Another piece of Internet Mythology appears to bite the dust: A new survey reveals Amazon is not the cheapest place to buy books. In fact, it may actually be one of the most expensive – as long as you’re looking for something outside of the site’s top 20 highest-selling offerings.
Marketing consulting firm Simon-Kucher & Partners compared pricing on the top 100 best-selling print books in the U.K. between October 30 and November 9 from eight different online book retailers, and discovered that when it comes to anything outside of Amazon’s top 20 titles, you’d be better off looking elsewhere for bargains. In fact, the chart position of the book you’re looking for is likely to impact the size of discount that Amazon offers. While Amazon’s prices for its 20 best-selling books were, on average, six percent lower than its competitors, books ranked between 21 and 50 on its sales chart actually came with a 13 percent premium compared to other booksellers. The remaining books in the Amazon top 100 appear to be marked up by 15 percent.

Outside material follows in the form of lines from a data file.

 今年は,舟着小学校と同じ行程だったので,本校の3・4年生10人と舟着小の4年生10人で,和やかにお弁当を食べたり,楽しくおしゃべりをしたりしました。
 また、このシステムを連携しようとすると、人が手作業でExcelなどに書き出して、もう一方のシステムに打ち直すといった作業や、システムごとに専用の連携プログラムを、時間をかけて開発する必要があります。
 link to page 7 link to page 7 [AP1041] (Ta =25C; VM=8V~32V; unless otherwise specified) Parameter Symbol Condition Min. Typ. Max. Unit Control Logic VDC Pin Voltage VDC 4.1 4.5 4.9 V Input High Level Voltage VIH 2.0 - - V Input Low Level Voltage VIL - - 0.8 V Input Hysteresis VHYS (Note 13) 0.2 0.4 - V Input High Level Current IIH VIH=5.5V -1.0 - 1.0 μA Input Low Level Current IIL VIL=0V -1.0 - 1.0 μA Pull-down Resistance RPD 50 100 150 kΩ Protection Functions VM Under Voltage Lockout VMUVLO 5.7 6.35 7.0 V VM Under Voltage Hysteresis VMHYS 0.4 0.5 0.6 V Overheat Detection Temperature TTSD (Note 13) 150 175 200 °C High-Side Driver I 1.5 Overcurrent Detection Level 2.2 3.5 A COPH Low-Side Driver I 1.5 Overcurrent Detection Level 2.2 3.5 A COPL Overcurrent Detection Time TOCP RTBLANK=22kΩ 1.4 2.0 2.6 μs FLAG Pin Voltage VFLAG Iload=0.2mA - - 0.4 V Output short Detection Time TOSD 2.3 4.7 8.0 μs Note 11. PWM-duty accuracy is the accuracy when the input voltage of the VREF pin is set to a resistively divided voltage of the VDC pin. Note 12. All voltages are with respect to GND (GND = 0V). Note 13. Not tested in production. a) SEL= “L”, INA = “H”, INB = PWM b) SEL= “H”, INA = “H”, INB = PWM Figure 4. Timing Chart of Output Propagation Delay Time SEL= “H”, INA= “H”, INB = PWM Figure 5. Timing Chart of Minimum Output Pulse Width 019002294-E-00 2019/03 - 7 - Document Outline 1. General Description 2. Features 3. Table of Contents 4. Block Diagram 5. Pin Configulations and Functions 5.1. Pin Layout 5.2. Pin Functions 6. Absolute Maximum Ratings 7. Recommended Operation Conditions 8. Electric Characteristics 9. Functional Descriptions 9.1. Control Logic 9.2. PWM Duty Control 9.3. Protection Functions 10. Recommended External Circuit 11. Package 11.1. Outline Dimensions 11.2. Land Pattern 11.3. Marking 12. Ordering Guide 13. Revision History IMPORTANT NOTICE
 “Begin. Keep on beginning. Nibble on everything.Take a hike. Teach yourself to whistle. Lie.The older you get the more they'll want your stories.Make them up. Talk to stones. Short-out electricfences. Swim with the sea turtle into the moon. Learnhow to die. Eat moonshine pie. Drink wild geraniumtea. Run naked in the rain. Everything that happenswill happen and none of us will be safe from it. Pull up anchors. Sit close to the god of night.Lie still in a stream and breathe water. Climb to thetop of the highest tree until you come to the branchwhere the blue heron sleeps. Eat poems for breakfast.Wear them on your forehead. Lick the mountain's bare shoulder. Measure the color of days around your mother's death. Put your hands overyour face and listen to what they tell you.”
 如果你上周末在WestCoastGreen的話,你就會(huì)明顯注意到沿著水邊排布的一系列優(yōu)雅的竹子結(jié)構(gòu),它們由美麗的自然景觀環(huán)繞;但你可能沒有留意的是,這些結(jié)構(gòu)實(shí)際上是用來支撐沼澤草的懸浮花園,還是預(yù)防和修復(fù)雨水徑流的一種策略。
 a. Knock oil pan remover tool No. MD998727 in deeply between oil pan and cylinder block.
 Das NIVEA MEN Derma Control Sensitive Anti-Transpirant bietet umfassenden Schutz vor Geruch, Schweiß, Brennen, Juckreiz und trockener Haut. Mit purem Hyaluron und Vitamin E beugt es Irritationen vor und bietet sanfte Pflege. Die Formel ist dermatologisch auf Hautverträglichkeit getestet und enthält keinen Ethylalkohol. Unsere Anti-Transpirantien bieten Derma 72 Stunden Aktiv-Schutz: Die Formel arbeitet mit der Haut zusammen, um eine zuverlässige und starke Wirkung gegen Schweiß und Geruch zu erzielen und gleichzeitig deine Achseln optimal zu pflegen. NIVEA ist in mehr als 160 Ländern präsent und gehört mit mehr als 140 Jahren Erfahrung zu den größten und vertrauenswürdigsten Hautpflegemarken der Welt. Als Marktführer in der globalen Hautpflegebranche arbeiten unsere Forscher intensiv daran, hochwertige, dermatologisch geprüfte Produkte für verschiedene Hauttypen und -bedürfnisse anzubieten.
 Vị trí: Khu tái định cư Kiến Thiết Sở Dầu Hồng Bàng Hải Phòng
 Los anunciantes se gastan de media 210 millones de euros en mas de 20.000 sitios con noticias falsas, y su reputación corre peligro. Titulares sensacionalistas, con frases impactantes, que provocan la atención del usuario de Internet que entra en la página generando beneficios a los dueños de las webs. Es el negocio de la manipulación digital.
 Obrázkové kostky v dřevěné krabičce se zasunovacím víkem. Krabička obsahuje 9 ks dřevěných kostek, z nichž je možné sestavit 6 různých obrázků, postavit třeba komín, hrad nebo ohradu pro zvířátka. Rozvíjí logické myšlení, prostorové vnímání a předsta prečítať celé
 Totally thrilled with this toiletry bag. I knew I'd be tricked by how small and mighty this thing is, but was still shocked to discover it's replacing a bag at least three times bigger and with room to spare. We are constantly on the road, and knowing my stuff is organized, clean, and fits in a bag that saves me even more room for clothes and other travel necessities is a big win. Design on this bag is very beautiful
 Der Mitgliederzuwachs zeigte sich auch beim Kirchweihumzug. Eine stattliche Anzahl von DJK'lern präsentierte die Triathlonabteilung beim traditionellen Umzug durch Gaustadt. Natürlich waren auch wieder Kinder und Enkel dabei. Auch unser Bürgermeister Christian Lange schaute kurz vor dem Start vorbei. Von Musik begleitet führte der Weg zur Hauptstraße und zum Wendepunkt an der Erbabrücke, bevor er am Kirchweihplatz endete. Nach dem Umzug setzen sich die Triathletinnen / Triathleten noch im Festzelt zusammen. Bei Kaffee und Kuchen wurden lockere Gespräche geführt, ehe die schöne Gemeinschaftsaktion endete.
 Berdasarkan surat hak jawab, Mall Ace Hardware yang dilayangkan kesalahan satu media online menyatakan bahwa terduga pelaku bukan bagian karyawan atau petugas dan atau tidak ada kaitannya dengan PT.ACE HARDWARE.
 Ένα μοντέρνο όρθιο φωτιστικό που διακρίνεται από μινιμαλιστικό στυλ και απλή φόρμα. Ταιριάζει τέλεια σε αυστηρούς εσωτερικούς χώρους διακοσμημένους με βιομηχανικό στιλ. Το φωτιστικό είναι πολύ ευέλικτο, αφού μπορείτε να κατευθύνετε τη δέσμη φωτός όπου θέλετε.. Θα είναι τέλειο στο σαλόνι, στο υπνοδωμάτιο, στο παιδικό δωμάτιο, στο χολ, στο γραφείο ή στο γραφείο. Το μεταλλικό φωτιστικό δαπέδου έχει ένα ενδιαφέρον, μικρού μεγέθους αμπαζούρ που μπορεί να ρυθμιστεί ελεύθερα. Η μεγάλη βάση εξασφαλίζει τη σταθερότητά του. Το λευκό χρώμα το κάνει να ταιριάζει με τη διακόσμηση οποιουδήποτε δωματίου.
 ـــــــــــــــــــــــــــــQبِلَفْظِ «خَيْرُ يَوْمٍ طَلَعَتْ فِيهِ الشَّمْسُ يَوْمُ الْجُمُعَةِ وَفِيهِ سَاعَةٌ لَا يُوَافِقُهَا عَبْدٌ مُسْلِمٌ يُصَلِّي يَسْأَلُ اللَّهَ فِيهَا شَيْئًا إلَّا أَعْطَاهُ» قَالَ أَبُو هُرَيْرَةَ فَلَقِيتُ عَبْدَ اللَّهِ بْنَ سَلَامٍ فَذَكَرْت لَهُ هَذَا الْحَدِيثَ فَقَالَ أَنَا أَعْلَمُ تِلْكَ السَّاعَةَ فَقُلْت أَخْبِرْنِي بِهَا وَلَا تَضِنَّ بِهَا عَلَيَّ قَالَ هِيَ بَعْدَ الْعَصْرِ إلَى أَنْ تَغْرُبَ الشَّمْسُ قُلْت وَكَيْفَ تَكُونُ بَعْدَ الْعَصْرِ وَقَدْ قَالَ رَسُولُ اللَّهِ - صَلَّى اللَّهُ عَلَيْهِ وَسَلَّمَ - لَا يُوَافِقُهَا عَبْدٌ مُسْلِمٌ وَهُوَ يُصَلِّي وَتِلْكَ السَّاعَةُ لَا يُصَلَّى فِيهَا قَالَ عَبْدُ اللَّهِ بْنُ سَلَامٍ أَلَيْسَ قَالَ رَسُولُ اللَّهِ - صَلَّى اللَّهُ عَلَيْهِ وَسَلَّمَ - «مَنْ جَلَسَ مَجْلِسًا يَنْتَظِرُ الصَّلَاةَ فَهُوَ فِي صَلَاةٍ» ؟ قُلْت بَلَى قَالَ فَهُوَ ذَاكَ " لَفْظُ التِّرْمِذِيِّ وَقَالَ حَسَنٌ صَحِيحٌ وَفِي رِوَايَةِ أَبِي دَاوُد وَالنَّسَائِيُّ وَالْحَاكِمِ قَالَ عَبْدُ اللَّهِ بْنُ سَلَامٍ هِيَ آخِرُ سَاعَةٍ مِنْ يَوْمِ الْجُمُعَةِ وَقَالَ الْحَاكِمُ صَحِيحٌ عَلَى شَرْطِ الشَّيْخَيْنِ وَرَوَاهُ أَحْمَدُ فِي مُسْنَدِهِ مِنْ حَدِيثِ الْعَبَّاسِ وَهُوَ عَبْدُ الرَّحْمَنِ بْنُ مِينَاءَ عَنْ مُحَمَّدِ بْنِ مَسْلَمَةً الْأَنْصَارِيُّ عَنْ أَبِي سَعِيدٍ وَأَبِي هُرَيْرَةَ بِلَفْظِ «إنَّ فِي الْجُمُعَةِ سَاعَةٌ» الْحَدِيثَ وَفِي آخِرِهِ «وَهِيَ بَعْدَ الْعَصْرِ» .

“Many booksellers think of Amazon as this mythical competitor, just incredibly low on price – an insurmountable adversary, impossible for them to overcome, but our research has revealed that much of that is just outdated myth,” explained Kyle Poyar, a consultant in pricing structures at Simon-Kucher. “The reality is that Amazon needs to make money like everyone else, but they understand consumer buying behaviour, and use those insights to be able to give off a low-price image, while still not necessarily being the lowest price.”
Poyar argued that instead of viewing Amazon as a one-stop shop for the cheapest books available, it would make more sense to consider Amazon as simply taking advantage of the benefits that come from bulk purchasing and supply and demand: “[We] found that Amazon was much more like [British supermarket chain] Tesco: supermarkets offer the staples, like eggs, milk and nappies, at a very competitive price, and make more of their money on the slower-moving products.”
It’s worth remembering that Simon-Kucher & Partners were only including British retailers in this survey – besides Amazon’s British arm, the survey looked at pricing from the online catalogs of high-street stores WH Smith and Blackwells, as well as AbeBooks, Alibris, the Book Depository, BookFellas and Kennys. The sheer volume of likely sales in the U.S. could trigger significant price breaks. Alternatively, it is possible that U.S. booksellers simply do not offer the same kind of competitive pricing structures that U.K. retailers do. An Amazon spokesperson briefly responded to the survey, stating the supply and demand pricing for top 20 books “is not the case and we aim to offer competitive prices on every book that we list.”
Whatever you choose to believe, the easiest takeaway is this: Shop around. For the most part, Amazon offers extremely competitive pricing, but a quick research could save you that pretty penny.